Your task:
A faithful copy of the data below is required, leaving out every picture.

Extracted data:

▼▼▼

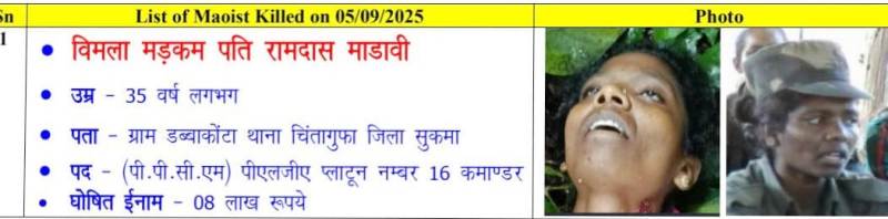 सोढ़ी विमला, प्लाटून नंबर-16 कमांडर (पीपीसी सचिव) निवासी डब्बाकोंटा थाना चिंतागुफ़ा जिला सुकमा, (पिता स्वः सोढी हड़मा, माता -रामे)
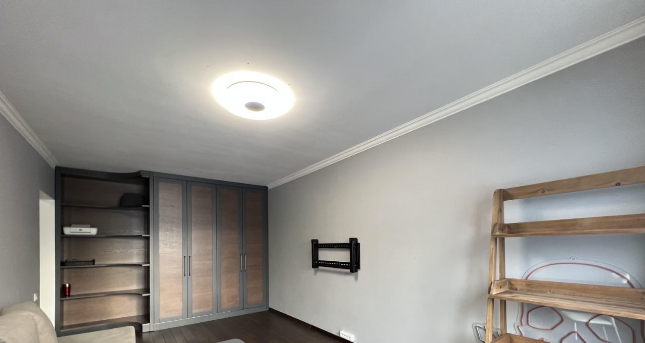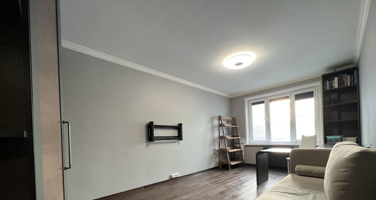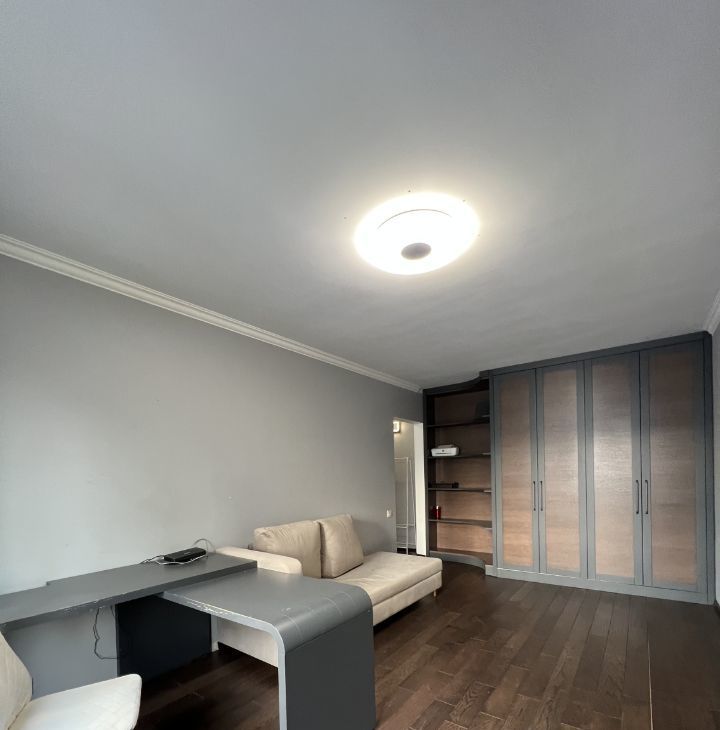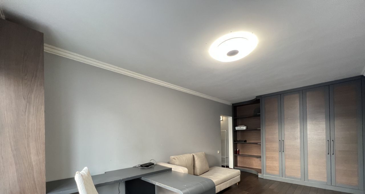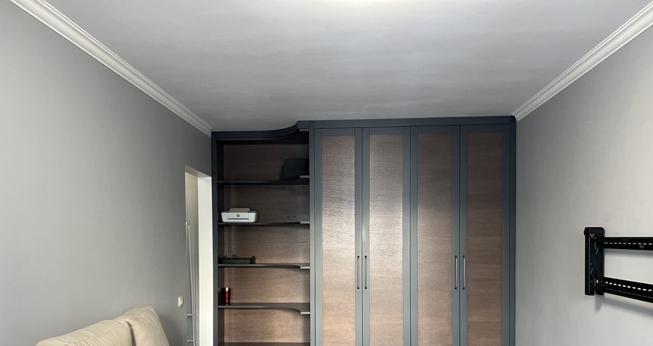 Полностью меблирована: встроенные шкафы в коридоре и гостиной, диван, компьютерный и кухонный столы, стулья, кронштейн под телевизор.
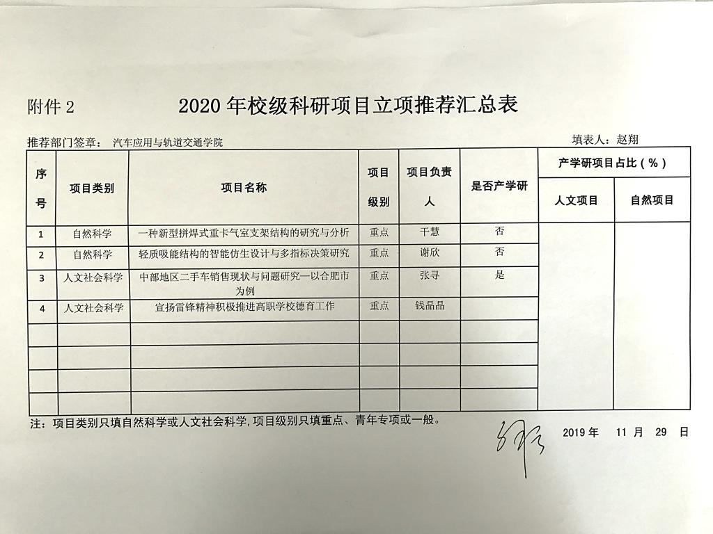 2020年校级科研项目汇总
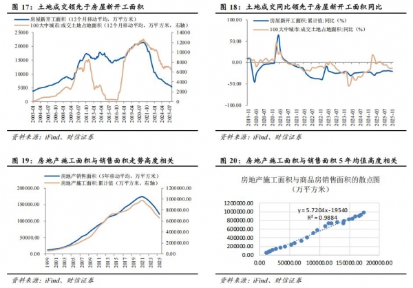 如果是从传统的新开工、竣工视角去推施工面积,停工面积及复工面积往往难以测算准确,加大预测难度。考虑到施工面积本身是一个慢变量,我们直接用销售面积的5年均值与施工面积对比,得到不错的拟合效果。
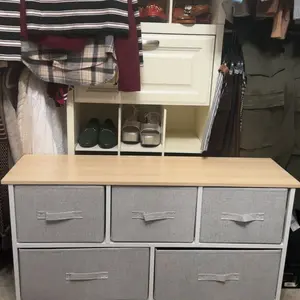QUALITY CONSTRUCTION- Made from reliable metal frame and durable MDF wooden top; 5 removable and foldable drawers; Easy pull plastic handles help conveniently open and close the drawers; 4 adjustable plastic feet help protect your floor from scratches.
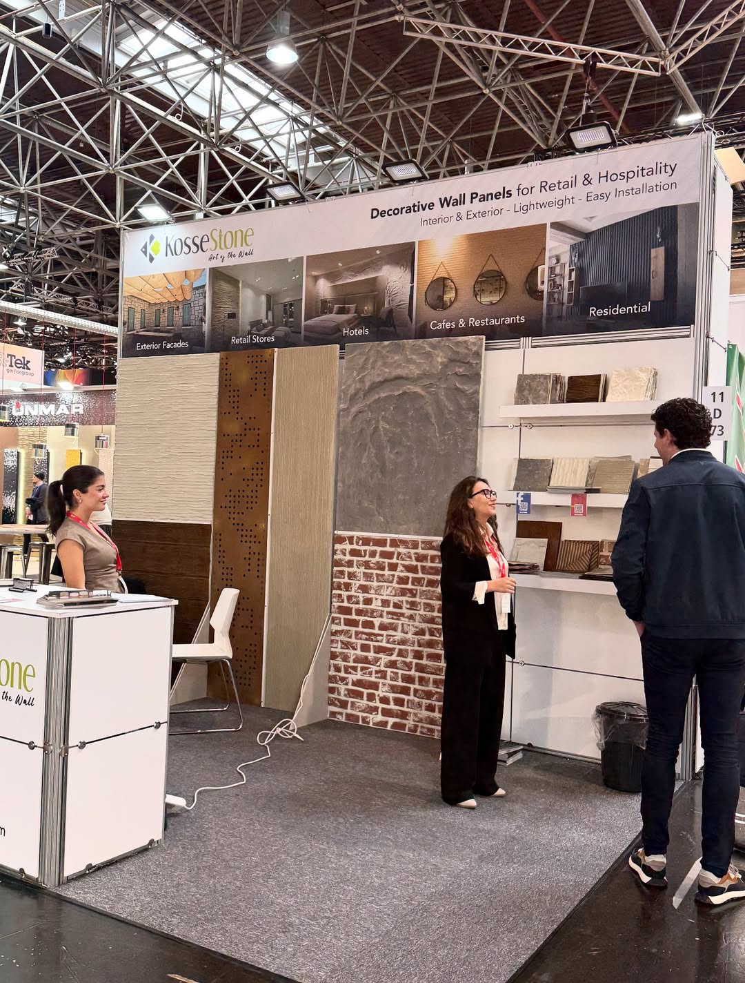 An unserem Stand präsentierten wir den Fachbesuchern eine exklusive Auswahl aus unserer umfangreichen Bibliothek. Unsere über 65 Paneelmodelle, inspiriert von Stein-, Ziegel-, Holz- und modernen Texturen, stießen auf großes Interesse. Besonders die Farb- und Texturoptionen, die wir speziell für die dynamischen Anforderungen des Einzelhandels entwickelt haben, zeigten einmal mehr, wie wir die Grenzen im kommerziellen Raumdesign verschieben.
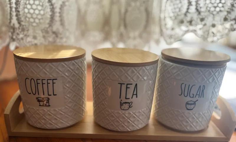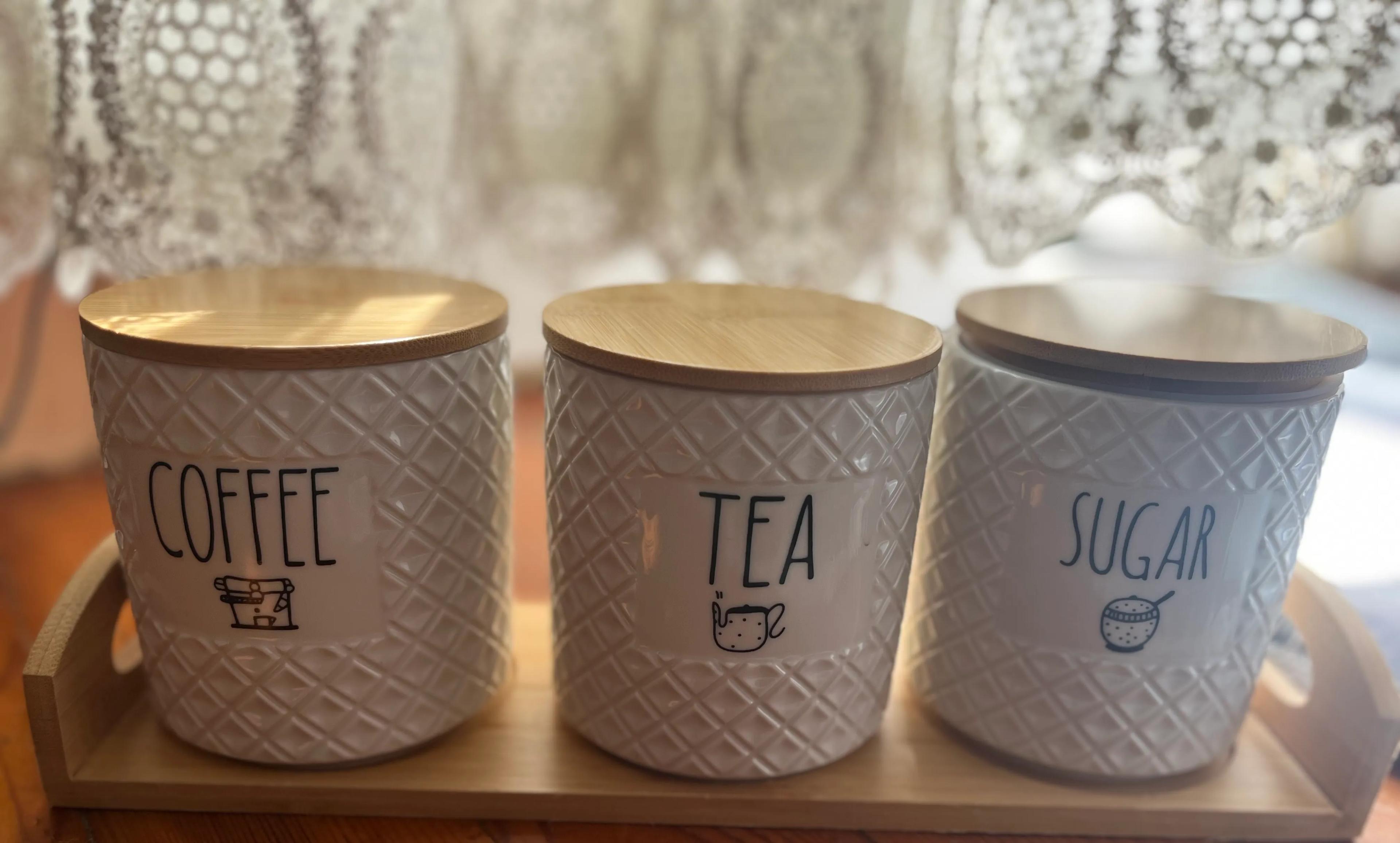 طقم برطمانات شاي - سكر - قهوة على صينية خشب
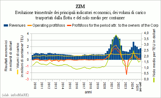 In the first nine months of this year, ZIM's revenues were of $5.42 billion, down -13.4% on the previous year. corresponding period of 2024. Ebitda is profit of €1.84 billion (-31.8%), operating profit of €872.9 billion million (-53.3%) and net income at $443.2 million (-72,1%). During the period, the container fleet transported 2.77 million TEUs, volume unchanged from that of the same period of 2024.

▲▲▲

Written reply:
 सोढ़ी विमला, प्लाटून नंबर-16 कमांडर (पीपीसी सचिव) निवासी डब्बाकोंटा थाना चिंतागुफ़ा जिला सुकमा, (पिता स्वः सोढी हड़मा, माता -रामे)
 Полностью меблирована: встроенные шкафы в коридоре и гостиной, диван, компьютерный и кухонный столы, стулья, кронштейн под телевизор.
 2020年校级科研项目汇总
 如果是从传统的新开工、竣工视角去推施工面积,停工面积及复工面积往往难以测算准确,加大预测难度。考虑到施工面积本身是一个慢变量,我们直接用销售面积的5年均值与施工面积对比,得到不错的拟合效果。
QUALITY CONSTRUCTION- Made from reliable metal frame and durable MDF wooden top; 5 removable and foldable drawers; Easy pull plastic handles help conveniently open and close the drawers; 4 adjustable plastic feet help protect your floor from scratches.
 An unserem Stand präsentierten wir den Fachbesuchern eine exklusive Auswahl aus unserer umfangreichen Bibliothek. Unsere über 65 Paneelmodelle, inspiriert von Stein-, Ziegel-, Holz- und modernen Texturen, stießen auf großes Interesse. Besonders die Farb- und Texturoptionen, die wir speziell für die dynamischen Anforderungen des Einzelhandels entwickelt haben, zeigten einmal mehr, wie wir die Grenzen im kommerziellen Raumdesign verschieben.
 طقم برطمانات شاي - سكر - قهوة على صينية خشب
 In the first nine months of this year, ZIM's revenues were of $5.42 billion, down -13.4% on the previous year. corresponding period of 2024. Ebitda is profit of €1.84 billion (-31.8%), operating profit of €872.9 billion million (-53.3%) and net income at $443.2 million (-72,1%). During the period, the container fleet transported 2.77 million TEUs, volume unchanged from that of the same period of 2024.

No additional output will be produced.